Kmart and Sears merge to form third-largest retailer
November 17, 2004,
TROY , Mich. — It's been the subject of speculation for more than a year, and today it became official. Kmart and Sears, Roebuck & Co. announced they will merge to create a new company — Sears Holding Corporation — that will be the nation's third-largest retailer with $55 billion in annual revenues.
The new company's chairman will be Edward Lampert, Kmart's majority shareholder and chairman of Kmart. He also holds a substantial stake in Sears. Current Sears Chairman and CEO Alan Lacy will become vice chairman and CEO of Sears Holding Corporation. Recently appointed Kmart President and CEO Aylwin Lewis will become executive vice president and chief financial officer.
William Crowley, currently senior vice president - finance of Kmart and a Kmart Board member will be executive vice president, finance and integration of Sears Holdings.
Lampert, Lacy, and Lewis will join a 10-member Sears Holdings board of directors, which will include a total of seven members from the current Kmart board and three members of the current Sears, Roebuck board. Sears Holdings will act as the holding company for the Sears and Kmart businesses, which will continue to operate separately under their respective brand names and will continue to be headquartered in Hoffman States , Ill. , and Troy , Mich. , respectively.
The merger was unanimously approved by the boards of both retail companies. In addition, Lampert's ESL Investments and its affiliates have agreed to vote all Kmart and Sears, Roebuck shares they own in favor of the merger and to elect stock in the transaction with respect to their shares of Sears, Roebuck.
Under the terms of the agreement, Kmart shareholders will receive one share of new Sears Holdings common stock for each Kmart share. Sears, Roebuck shareholders will have the right to elect $50.00 in cash or 0.5 shares of Sears Holdings (valued at $50.61 based on yesterday's closing price of Kmart shares) for each Sears, Roebuck share. Shareholder elections will be prorated to ensure that in the aggregate 55 percent of Sears, Roebuck shares will be converted into Sears Holdings shares and 45 percent of Sears, Roebuck shares will be converted into cash.

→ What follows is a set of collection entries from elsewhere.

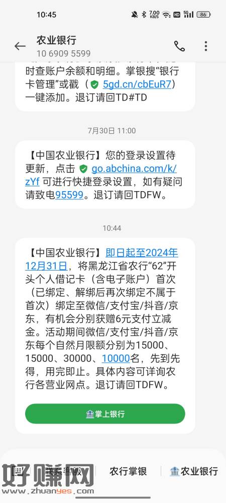 【中国农业银行】即日起至2024年12月31日,将黑龙江省农行“62”开头个人借记卡(含电子账户)首次(已绑定、解绑后再次绑定不属于首次)绑定至微信/支付宝/抖音/京东,有机会分别获赠6元支付立减金。活动期间微信/支付宝/抖音/京东每个自然月限额分别为15000、15000、30000、10000名,先到先得,用完即止。具体内容可详询农行各营业网点。 这个大家也可以试试 我是暂时弄不了
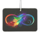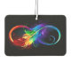 Símbolo de infinito dibujado artísticamente con una hermosa pluma arco iris sobre fondo blanco. Estilo tatuaje.
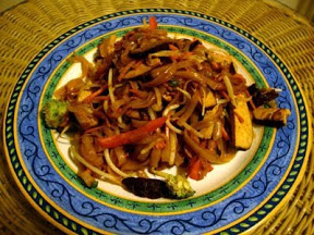 Add the sugar, soy sauce, tamarind liquid, vinegar, and paprika or chili powder. Stir-fry the mixutre until thoroughly combined and liquid is absorbed. Stir in the tofu and preserved turnips. Check the noodle texture; it should be cooked and soft. Add some water if the noodles are too dry or too tough. (If they fall apart easily, they are overcooked. But this wasn't an issue for me, I think because I didn't over "cook" them in the warm water.)
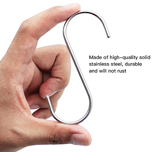 [Materiale di alta qualità]: Il gancio a S è realizzato in acciaio inossidabile, resistente alla corrosione e all'umidità, con una superficie liscia e lucida e senza spigoli vivi per proteggere le mani dai graffi.
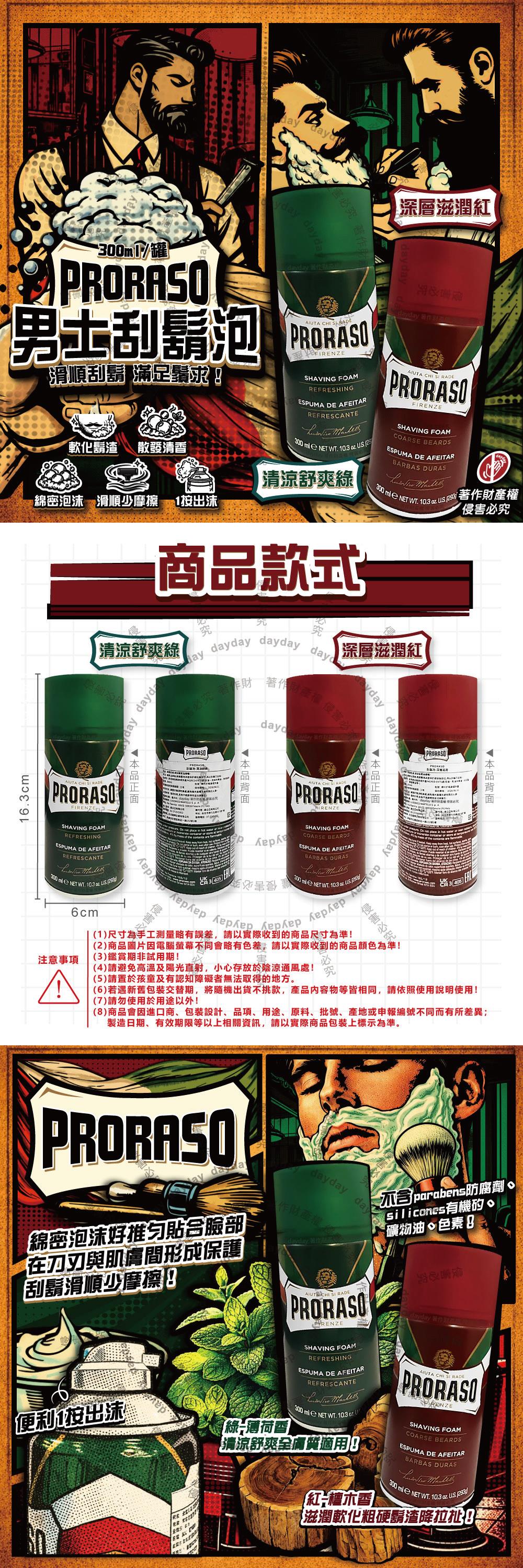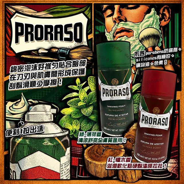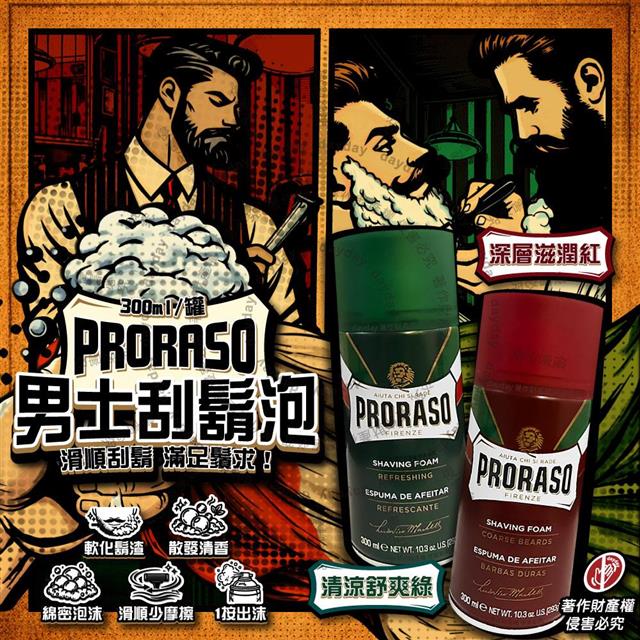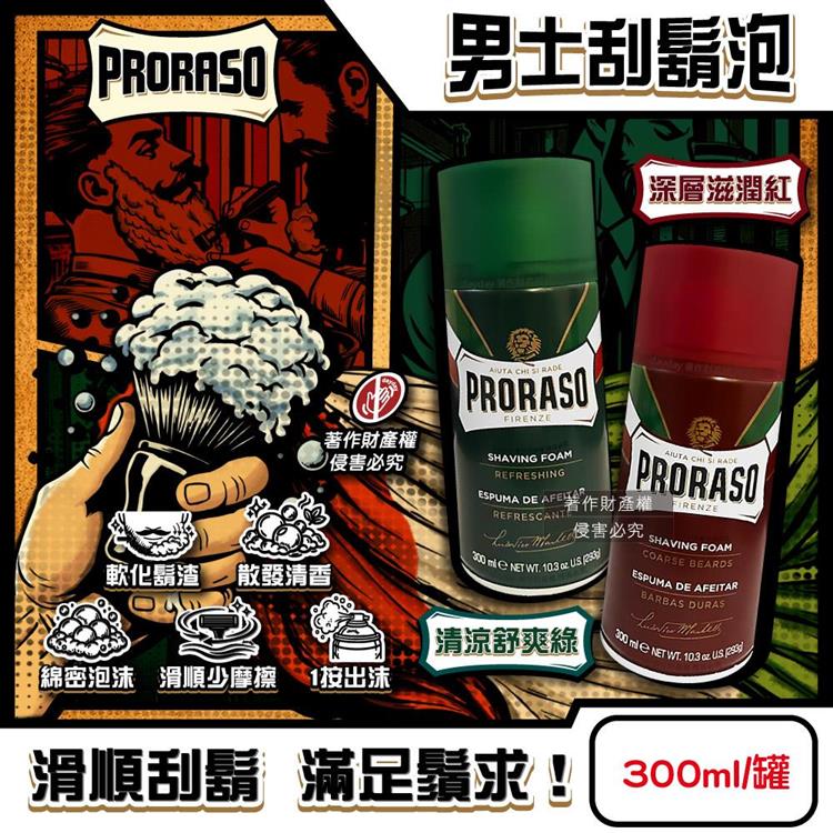 義大利PRORASO-男士專用軟化鬍渣滑順修容綿密芳香刮鬍泡300ml/1罐(男性舒適潔顏修鬍乳/鬢角美型剃鬚膏/鬍鬚護理收斂泡沫/臉部刮鬍保養用品)
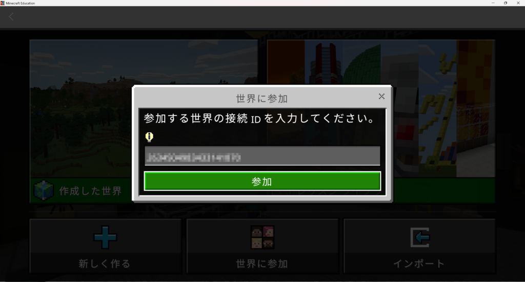 タイトル画面で「プレイ」ボタンをクリックし、「世界に参加」をクリックします。
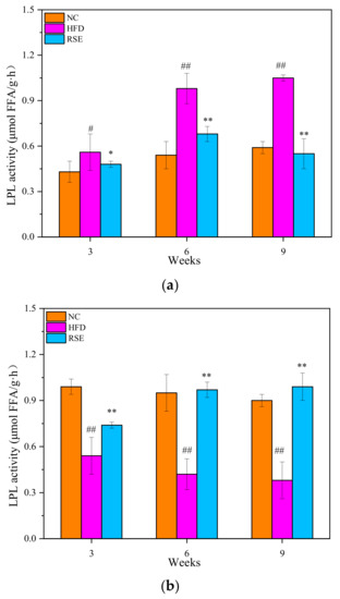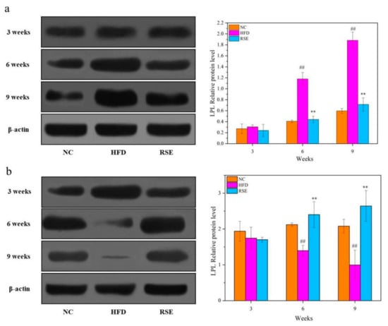 Figure 4 indicates the effect of RSE interventions on LPL protein expression in different tissues, respectively. Notably, LPL protein level increased significantly in adipose tissue in response to HFD treatment, while it was reduced in skeletal muscle under HFD (p < 0.01). Additionally, the LPL protein expression showed time-dependency in adipose or skeletal muscle tissues in HFD group. As expected, after 9 weeks of RSE treatment, the LPL protein level markedly decreased in adipose tissue (p < 0.01, Figure 4a) and significantly increased in skeletal muscle (p < 0.01, Figure 4b).
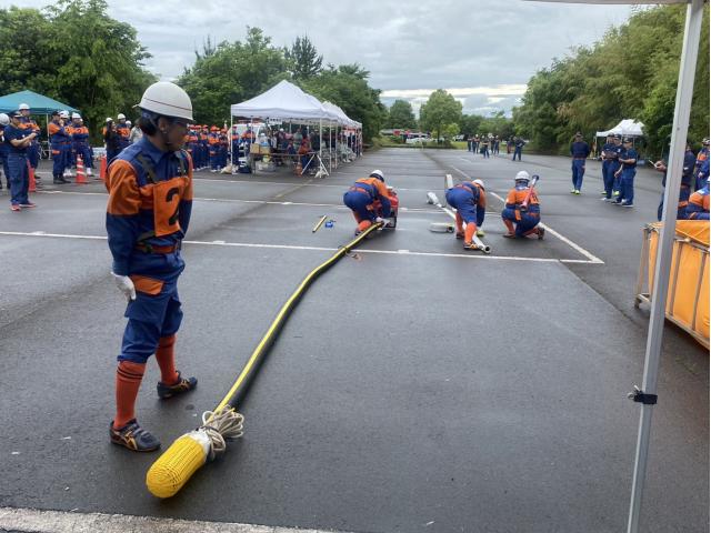 令和7年5月25日に多治見市で開催された「第45回多治見市消防協会消防競練会」の様子です。
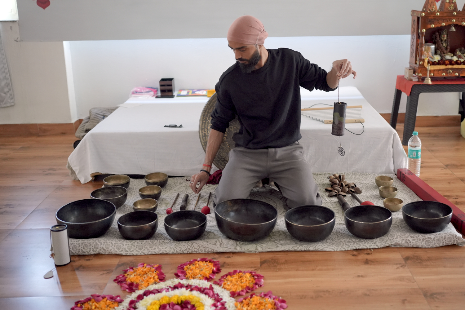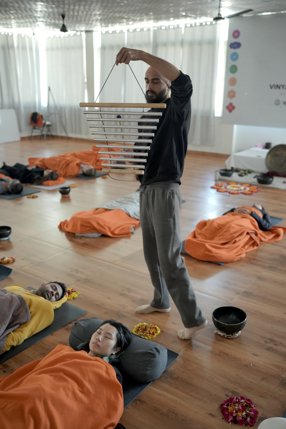Huh? What is sound healing? That’s the question most of us are asking ourselves. But seeing as how we are all here to push limits and learn new things we are all game. There is a guest teacher who arrives with a series of bowls, chimes and other things that fill the spaces with delightful audio. Before the session begins, we’re given flower petals that we pile in a decorative(?) pattern next to our mats. My creation ended up looking more like a blob then the artful piece that adorned the center of the room. Then we lie down and let the sounds wash over us. It’s one of the most relaxing experiences I have ever had.

The current value of the transaction to Sears, Roebuck shareholders is approximately $11 billion. The transaction is expected to be tax-free to Kmart shareholders and tax-free to Sears, Roebuck shareholders to the extent they receive stock.
Lampert said, "The combination of Kmart and Sears is extremely compelling for our customers, associates and shareholders as it will create a powerful leader in the retail industry, with greatly expanded points of distribution, leading proprietary home and apparel brands and significant opportunities for improved scale and operating efficiencies. The merger will enable us to manage the businesses of Sears and Kmart to produce a higher return than either company could achieve on its own."
The merger is expected to close by then end of March 2005. The combination of the two companies is "conservatively "estimated to generate $500 million of annualized cost and revenue savings to be fully realized by the end of the third year after closing, according to a release by Kmart.
The transaction is expected to be "significantly" accretive to earnings per share in the first year before one-time restructuring costs. In addition, the companies expect to realize approximately $200 million in incremental gross margin from revenue synergies by capitalizing on cross-selling opportunities between Kmart and Sears' proprietary brands and by converting a substantial number of off-mall Kmart stores to the Sears nameplate in addition to the 50 Kmart stores Sears acquired earlier this year.